Other types of elimination criteria may also be used without departing from the scope of the invention. For example, it was noted above that price-to-earnings ratio could be used as a criterion. The price-to-book value ratio may also be used. However, this criteria does not necessarily have to be used and any threshold could be used without departing from the scope of the invention.
In step 54, trading in a portfolio is conducted based upon undervalued and/or overvalued stocks that were determined to be undervalued and/or overvalued using the regression model created in steps 44 through 48. Where stocks are undervalued, the stock may be purchased, a futures contract on the stock may be purchased, and options on the stock may be bought or sold and included in portfolio 40. Alternatively, where stocks are overvalued, a stock that is currently in the portfolio may be sold, the stock may be sold short, one may sell futures contracts on the stock or one may buy or sell options on the stock. Generally, a plurality of overvalued and/or undervalued stocks will be acted upon in this manner to spread risk among a portfolio of undervalued and/or overvalued stocks, options and/or futures. Note that any of the above actions and/or types of investments made be purchased or sold without departing from the scope of the invention. For example, the model could be used simply to buy and sell stocks without buying or selling futures contracts or options without departing from the scope of the invention. Also, one may choose to exercise existing options based upon the model without departing from the scope of the invention. One may also choose to buy or sell options based upon the model without departing from the scope of the invention.

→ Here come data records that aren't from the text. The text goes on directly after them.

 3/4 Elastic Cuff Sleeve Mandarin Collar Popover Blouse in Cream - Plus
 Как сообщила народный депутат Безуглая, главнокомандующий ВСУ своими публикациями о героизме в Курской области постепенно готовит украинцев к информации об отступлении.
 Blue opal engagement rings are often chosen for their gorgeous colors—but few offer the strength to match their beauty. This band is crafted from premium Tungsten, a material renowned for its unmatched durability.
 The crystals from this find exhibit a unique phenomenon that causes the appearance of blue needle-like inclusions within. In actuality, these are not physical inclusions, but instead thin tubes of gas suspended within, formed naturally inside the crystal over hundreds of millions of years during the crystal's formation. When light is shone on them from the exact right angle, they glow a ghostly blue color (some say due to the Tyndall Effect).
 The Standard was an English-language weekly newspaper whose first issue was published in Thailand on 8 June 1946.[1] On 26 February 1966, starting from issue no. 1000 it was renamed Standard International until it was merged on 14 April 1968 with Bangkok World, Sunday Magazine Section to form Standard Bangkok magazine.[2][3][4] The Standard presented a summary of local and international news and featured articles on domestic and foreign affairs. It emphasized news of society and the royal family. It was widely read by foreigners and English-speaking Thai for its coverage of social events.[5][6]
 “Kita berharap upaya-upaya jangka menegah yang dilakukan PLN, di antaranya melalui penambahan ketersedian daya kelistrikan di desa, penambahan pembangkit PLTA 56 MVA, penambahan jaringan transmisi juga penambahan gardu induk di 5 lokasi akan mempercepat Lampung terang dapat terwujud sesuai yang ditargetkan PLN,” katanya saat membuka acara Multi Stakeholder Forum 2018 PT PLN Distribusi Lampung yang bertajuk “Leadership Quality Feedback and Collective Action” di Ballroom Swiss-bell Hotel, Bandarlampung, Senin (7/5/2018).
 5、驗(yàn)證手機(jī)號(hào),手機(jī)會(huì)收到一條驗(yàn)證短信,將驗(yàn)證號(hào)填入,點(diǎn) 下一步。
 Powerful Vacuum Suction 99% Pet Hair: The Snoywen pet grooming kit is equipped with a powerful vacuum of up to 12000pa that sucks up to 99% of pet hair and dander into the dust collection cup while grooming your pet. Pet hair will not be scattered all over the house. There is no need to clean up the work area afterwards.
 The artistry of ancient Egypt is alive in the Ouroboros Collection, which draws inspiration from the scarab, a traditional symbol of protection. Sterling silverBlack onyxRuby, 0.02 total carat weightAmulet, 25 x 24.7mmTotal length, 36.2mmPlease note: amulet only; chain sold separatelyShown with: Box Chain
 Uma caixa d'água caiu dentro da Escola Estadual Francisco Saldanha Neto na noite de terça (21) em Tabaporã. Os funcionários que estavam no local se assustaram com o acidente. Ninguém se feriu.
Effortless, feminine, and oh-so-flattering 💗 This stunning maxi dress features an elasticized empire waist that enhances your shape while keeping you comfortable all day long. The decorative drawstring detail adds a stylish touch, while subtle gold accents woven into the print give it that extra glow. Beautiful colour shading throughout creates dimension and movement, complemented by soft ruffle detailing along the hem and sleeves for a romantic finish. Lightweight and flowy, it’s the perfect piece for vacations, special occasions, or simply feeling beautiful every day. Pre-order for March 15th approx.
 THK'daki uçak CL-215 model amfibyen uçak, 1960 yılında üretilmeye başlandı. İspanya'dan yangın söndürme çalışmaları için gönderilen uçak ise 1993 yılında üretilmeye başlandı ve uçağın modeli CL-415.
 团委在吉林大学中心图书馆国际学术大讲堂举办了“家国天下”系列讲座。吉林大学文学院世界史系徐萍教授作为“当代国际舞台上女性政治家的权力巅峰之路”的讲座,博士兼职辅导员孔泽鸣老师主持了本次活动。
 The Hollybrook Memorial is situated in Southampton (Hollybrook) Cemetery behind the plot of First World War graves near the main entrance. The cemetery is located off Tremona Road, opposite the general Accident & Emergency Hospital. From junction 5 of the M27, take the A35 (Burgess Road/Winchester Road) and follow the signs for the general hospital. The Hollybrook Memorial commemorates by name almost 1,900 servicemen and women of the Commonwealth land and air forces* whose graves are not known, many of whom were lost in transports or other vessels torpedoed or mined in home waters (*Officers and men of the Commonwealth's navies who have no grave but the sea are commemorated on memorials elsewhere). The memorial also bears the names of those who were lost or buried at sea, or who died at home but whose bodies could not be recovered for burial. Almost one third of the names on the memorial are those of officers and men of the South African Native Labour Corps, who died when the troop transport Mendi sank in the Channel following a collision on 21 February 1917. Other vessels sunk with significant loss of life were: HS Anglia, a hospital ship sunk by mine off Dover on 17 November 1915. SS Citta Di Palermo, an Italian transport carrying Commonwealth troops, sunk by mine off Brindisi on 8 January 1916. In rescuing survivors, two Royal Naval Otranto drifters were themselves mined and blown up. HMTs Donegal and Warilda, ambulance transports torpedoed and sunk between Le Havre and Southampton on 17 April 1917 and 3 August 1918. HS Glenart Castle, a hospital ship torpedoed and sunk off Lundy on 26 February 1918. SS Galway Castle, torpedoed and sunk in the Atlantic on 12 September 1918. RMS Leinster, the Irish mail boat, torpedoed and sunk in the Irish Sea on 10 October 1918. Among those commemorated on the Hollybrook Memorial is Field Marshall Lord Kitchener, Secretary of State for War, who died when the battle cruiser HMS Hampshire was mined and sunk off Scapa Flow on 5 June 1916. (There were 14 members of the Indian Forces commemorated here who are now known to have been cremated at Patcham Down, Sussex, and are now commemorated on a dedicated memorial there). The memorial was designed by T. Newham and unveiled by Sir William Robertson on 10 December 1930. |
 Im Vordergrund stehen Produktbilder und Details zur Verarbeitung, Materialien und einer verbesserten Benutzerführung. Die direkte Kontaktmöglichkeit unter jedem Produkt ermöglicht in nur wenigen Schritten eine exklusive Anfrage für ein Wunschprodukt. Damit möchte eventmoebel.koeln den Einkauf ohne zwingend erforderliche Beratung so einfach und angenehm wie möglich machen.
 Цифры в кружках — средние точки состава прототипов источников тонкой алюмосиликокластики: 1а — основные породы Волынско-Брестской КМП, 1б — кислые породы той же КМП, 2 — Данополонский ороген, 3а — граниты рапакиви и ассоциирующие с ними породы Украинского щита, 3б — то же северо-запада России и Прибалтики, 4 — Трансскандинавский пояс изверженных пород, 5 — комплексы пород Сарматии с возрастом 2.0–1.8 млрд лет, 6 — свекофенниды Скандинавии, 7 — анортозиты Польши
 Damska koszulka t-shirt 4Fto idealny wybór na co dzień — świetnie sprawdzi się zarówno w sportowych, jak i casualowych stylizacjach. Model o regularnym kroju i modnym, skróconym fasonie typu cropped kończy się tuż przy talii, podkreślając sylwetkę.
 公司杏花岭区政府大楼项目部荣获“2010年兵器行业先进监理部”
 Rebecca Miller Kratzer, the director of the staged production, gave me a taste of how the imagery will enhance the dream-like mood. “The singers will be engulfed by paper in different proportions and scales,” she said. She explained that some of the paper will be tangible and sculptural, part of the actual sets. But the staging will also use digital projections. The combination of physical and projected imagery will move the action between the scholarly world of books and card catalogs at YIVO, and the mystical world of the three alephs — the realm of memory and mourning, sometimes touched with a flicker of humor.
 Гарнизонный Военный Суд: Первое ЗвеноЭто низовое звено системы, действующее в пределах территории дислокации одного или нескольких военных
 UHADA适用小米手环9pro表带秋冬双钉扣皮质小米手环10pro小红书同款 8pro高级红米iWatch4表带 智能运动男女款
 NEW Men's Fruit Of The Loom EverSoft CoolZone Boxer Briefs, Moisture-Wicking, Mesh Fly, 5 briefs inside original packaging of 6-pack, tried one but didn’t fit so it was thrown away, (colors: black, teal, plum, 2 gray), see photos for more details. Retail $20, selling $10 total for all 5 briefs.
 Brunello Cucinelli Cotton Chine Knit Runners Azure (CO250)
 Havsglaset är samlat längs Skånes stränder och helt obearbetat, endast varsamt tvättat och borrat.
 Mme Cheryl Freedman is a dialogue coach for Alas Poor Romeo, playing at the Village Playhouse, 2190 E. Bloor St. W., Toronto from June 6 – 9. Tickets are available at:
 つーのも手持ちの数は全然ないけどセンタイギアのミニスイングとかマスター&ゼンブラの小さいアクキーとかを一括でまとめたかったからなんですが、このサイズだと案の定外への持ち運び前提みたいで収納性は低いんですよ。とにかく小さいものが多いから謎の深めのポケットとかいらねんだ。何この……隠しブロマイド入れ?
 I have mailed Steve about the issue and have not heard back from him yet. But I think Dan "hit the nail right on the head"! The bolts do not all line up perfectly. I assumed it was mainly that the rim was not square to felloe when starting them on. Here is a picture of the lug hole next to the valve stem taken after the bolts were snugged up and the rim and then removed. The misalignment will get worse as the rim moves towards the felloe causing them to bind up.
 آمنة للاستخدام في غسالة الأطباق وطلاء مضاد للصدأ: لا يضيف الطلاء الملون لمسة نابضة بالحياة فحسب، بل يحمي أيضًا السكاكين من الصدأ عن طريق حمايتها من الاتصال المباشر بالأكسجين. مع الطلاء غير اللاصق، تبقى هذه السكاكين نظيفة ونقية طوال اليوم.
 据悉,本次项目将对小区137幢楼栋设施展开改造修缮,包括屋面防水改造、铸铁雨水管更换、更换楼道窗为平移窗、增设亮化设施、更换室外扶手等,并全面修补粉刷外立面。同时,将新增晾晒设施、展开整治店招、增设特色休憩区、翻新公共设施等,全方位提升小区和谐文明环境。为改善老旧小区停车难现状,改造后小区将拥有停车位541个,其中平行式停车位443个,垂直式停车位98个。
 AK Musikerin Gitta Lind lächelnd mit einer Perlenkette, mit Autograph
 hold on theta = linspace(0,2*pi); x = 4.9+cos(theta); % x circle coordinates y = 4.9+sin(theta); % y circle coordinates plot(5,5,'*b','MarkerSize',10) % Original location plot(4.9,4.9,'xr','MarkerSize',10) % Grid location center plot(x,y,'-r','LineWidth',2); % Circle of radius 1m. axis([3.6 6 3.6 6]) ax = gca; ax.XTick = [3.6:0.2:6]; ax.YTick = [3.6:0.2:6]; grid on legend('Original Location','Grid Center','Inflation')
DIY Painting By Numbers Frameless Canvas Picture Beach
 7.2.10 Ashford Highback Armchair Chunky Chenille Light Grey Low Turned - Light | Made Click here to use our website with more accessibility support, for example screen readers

The above techniques may be further enhanced by subcategorizing stocks in a group of stocks and using the above techniques on each subset. For example, for financial institutions, one could make multiple groups of financial institutions based upon the total average dollar value of shares traded each day (or by market capitalization or by total asset-size). One could then use the above techniques and predict over-valuation or under-valuation both as compared to other stocks within the subset and compared with the entire group of stocks as a whole. When using this technique, one would again have multiple measures of over-valuation or under-valuation to take into account in making investment decisions. A weighted average of the results for a stocks subset and for the entire group could also be calculated for use in making investment decisions.
While the techniques used herein may be used to make investment decisions, other factors or analysis can be used in combination with or independent of these techniques to make investment decisions for a particular portfolio without departing from the scope of the invention.
Although the present invention has been described in detail, it should be understood that various changes, substitutions and alterations can be made hereto without departing from the sphere and scope of the invention as defined by the appended claims.
To aid the patent office, and any readers of any patent issued on this application in interpreting the claims appended hereto, applicants wish to note that they do not intend any of the appended claims to invoke paragraph 6 of 35 U.S.C. §112 as it exists on the date of filing hereof unless “means for” or “step for” are used in the particular claim.